I figured it might be worthwhile to allowlist the Cloudflare IPs on pfSense.
I created this allowlist in pfSense under pfBlockerNG > IP > IPv4
and set it to Permit Outbound
. However, this configuration only permits outbound traffic and does not allow inbound traffic from Cloudflare, which is essential for the services to function correctly. Both outbound and inbound traffic must be allowed for proper communication. I updated the service, and everything seemed to be running as it should.
This brings us to the present.
Yesterday, I added a handful of movies to Plex, which uploaded just fine. However, I noticed that the metadata wasn't automatically being pulled in.
This is unusual because my Plex VM has become incredibly self-sufficient, so everything about it is now 'set it and forget it'.
I tried pulling in the metadata manually, but noticed that it wasn't finding any. The metadata pulls in from the following two sources:
I let it go overnight because I didn't have the time to troubleshoot further. Fast-forward to today...
Again, I tried pulling the metadata in manually and found it still not working. I rebooted the Plex VM; no change. I used SSH to check the VM after noticing that Plex was a version behind. This is highly unusual since I have a script that runs daily to check/update Plex as needed. The script runs flawlessly, so Plex is up to date 99.9% of the time.
I tried running the script manually to fetch the latest version. This is where I noticed that the script was hanging and ultimately failed when trying to download the .deb package.
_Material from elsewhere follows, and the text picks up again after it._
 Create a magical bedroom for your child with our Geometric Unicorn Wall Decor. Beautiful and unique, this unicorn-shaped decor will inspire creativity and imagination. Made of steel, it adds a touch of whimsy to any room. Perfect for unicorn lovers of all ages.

I used Xen Orchestra to access the GUI for the Plex VM to check for anything unusual. I disconnected and reconnected the network interface; no change. I went for broke and tried to download the .deb package manually through the browser, only to find that the page wouldn't resolve for https://plex.tv.
I checked on both my MacBook Pro and my Manjaro box, and both were able to resolve the site without an issue. I tried https://bitwarden.com, just because it was in my “top sites”; same issue. The Plex site is hosted on AWS, but running a traceroute on https://downloads.plex.tv shows it resolving to — you guessed it — a Cloudflare IP. It's very likely their whole infrastructure is on AWS, but they use Cloudflare CDN.
At this point, I was nearly convinced there was something wrong with the VM. I looked for a recent snapshot and kicked myself because the last snapshot was two months ago (this VM has gotten so large that I can no longer create an incremental backup because of Xen Orchestra limitations; another story for another time). This is when I remembered that the only other change I made was the addition of the Cloudflare IPs to pfBlockerNG.
I logged back into pfSense and removed the Cloudflare IP list from pfBlockerNG, then updated it. I went back to the Plex VM and tried using the browser again; it's now working fine. I tried to download the .deb package again; it downloaded without an issue. I logged back into Plex to find that all the metadata was now there.
I realized that what I did was permit traffic outbound, but not inbound. Effectively, I blocked all Cloudflare IP ranges coming into my network. It didn't occur to me that anything was wrong because I was still able to access my sites hosted by Cloudflare since traffic was flowing outbound.
Problem solved? Not quite. I still wanted to get the Cloudflare IPs allowlisted on pfSense.
Because of an authentication issue I had a while back with getting Plex working on one of my restricted VLANs, I set up an alias to allow traffic from https://plex.tv to that particular VLAN. This has been tremendously helpful, so I figured I might get lucky with doing the same for the Cloudflare IPs.
I went into Firewall > Aliases > URLs
and added the Cloudflare IPs site. I navigated to Firewall > Rules
and created the following firewall rule:
Action
: PassInterface
: WANSource
: Single host or alias | Cloudflare aliasDestination
: LAN NetGateway
: WAN_DHCPAs of the time of this writing, it's only been about 6 hours since I made this change, so it may be too soon to tell. However, things have been stable, and I haven't received any notifications. I'll continue to monitor things and update if necessary, but hopefully, I won't have to.